The Nine Odes are as follows:

  1. The (First) Song of Moses (Exodus 15:1-19)
  2. The (Second) Song of Moses (Deuteronomy 32:1-43)[1]
  3. The Prayer of Hannah (1 Samuel 2:1-10)
  4. The Prayer of Habakkuk (Habakkuk 3:1-19)
  5. The Prayer of Isaiah (Isaiah 26:9-20)
  6. The Prayer of Jonah (Jonah 2:2-9)
  7. The Prayer of the Three Holy Children (Daniel 3:26-56])[2]
  8. The Song of the Three Holy Children (Daniel 3:57-88)[3]
  9. The Song of the Theotokos (the Magnificat, Luke 1:46-55); the Song of Zacharias (the Benedictus, Luke 1:68-79)

Originally, these odes were chanted in their entirety every day, with a short refrain inserted between each verse.

Eventually, short verses (troparia) were composed to replace these refrains, a process traditionally inaugurated by Saint Andrew of Crete.[4] Normally the second ode is omitted owing to its severe nature. The most notable exception to this is in the Great Penitential Canon of St. Andrew of Crete which is chanted during Great Lent.

Gradually over the centuries, the verses of the Biblical Canticles were omitted (except for the Magnificat), and only the composed troparia were read, linked to the original canticles by an irmos.
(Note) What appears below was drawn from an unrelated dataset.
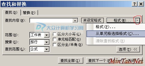 现在,点击“格式”按钮右边的方向朝下的箭头,从菜单中点击“从单元格选择格式”,这个时候,会进入单元格的选择状态,移动鼠标到背景颜色为“绿色”的任何一个单元格里面中左键点击一下,然后会自动返回对话框!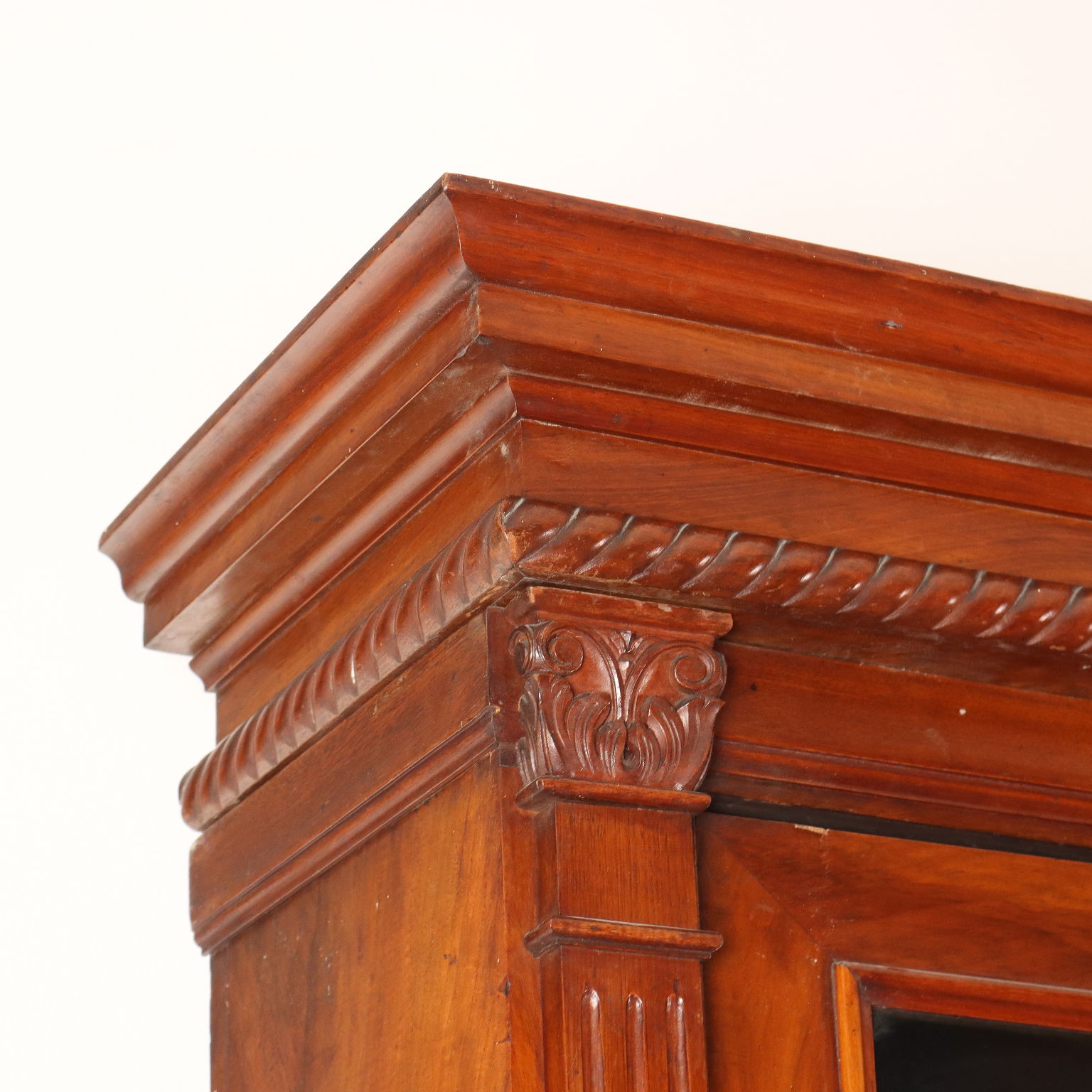 Large bookcase in walnut with top with carved rope band, front with four doors with blown glass display cases and pilasters with carved capitals and fluted shafts to divide the central pair from the two single side ones. Interior with height-adjustable shelves. Italy early 20th century

During Great Lent, however, the original Biblical Canticles are still read.


  1. Canticle Two is normally only said on Tuesdays of Great Lent.
  2. In many Protestant versions of the Bible, this is found separately in the Apocrypha.
  3. Ibid.
  4. Ware, Kallistos, The Festal Menaion (Faber and Faber, London, 1969), p. 546.